I am working on a recommendation engine. The user data is collected (Their friendship, locations, likes,education,...) and is already stored in mongodb. I need to recommend rel
Did you take a look at Reco4j? It uses neo4j as underlying graph database. They have implemented few algorithms as part of project. Here is link reco4j. The link is currently unavailable but I found the features good when I had visited the site.
https://github.com/tinkerpop/gremlin/wiki
Gremlin!
Specifically designed to work with Neo4j/graph databases. Also you can easily download GMongo and connect to Mongo as well.

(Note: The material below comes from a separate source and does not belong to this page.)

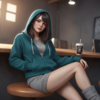 In the image, a young woman with short brown hair is seated on a high stool in what appears to be a modern café. She's wearing a gray hoodie and has a neutral expression on her face. On the table in front of her is a cup that looks like it might contain coffee or another hot beverage, accompanied by what seems to be a pastry. The background suggests an indoor setting with ambient lighting that gives off a cozy vibe.
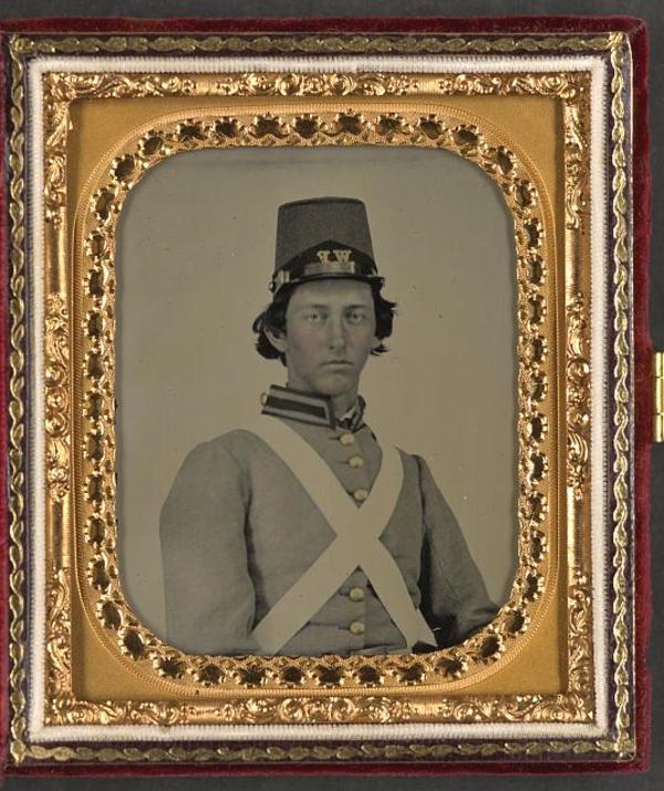 Sergeant Elijah McClanahan Ingles of Co. G, 4th Virginia Infantry Regiment in uniform, cap with "WF" (Wise Fencibles), and Virginia seal belt buckle

Check out this article that describes how to interact with polyglot data in Gremlin:
http://thinkaurelius.com/2013/02/04/polyglot-persistence-and-query-with-gremlin/
I found two ways to integrate mongodb and Neo4j. The first one was suggested by ryan1234 using Gremlin together with Gmongo. The steps are as following according to this excellent blog
1- Download Gmongo and Java mongo driver
2- copy the two jar files under neo4j/lib directory
3- This is an example. suppose we have this collection (called follows) in mongodb
{ "_id" : ObjectId("4ff74c4ae4b01be7d54cb2d3"), "followed" : "1", "followedBy" : "3", "createdAt" : ISODate("2013-01-01T20:36:26.804Z") }
{ "_id" : ObjectId("4ff74c58e4b01be7d54cb2d4"), "followed" : "2", "followedBy" : "3", "createdAt" : ISODate("2013-01-15T20:36:40.211Z") }
{ "_id" : ObjectId("4ff74d13e4b01be7d54cb2dd"), "followed" : "1", "followedBy" : "2", "createdAt" : ISODate("2013-01-07T20:39:47.283Z") }
from the Gremlin shell in Neo4j run the following commands.
import com.gmongo.GMongo
mongo = new GMongo()
db = mongo.getDB("local")
db.follows.findOne().followed
x=[] as Set; db.follows.find().each{x.add(it.followed); x.add(it.followedBy)}
x.each{g.addVertex(it)}
db.follows.find().each{g.addEdge(g.v(it.followedBy),g.v(it.followed),'follows',[followsTime:it.createdAt.getTime()])}
and that is it we have created the equivalent graph in neo4j
There is another solution if we want to use R. The following R code, will get the data from mongodb
library(RMongo)
library('bitops')
library('RCurl')
library('RJSONIO')
mg <- mongoDbConnect("local", "127.0.0.1", 27017)
mongoData <- dbGetQuery(mg, 'follows',"{}")
The result will be as following
followed followedBy createdAt
1 1 3 Tue Jan 01 15:36:26 EST 2013
2 2 3 Tue Jan 15 15:36:40 EST 2013
3 1 2 Mon Jan 07 15:39:47 EST 2013
The following R code will connect to Neo4j and create the graph. It is not efficient but it works
query <- function(querystring) {
h = basicTextGatherer()
curlPerform(url="http://localhost:7474/db/data/ext/CypherPlugin/graphdb/execute_query",
postfields=paste('query',curlEscape(querystring), sep='='),
writefunction = h$update,
verbose = TRUE
)
result <- fromJSON(h$value())
data <- data.frame(t(sapply(result$data, unlist)))
names(data) <- result$columns
data
}
nodes<-unique(c(mongoData$followed,mongoData$followedBy))
nodes=paste("_",nodes,sep="")
nodes<-paste(paste("(",nodes,collapse="),"),")")
edges<-apply(mongoData[,3:2],1,function(x) paste("_",x,sep="",collapse="-[:follows]->"))
edges<-paste(edges,collapse=",")
cmd<-paste(nodes,edges,sep=",")
cmd=paste("create",cmd)
query(cmd)
For using MongoDB and Neo4j together there is now the Neo4j Doc Manager project which will automatically sync data from MongoDB to Neo4j, converting documents to a property graph structure.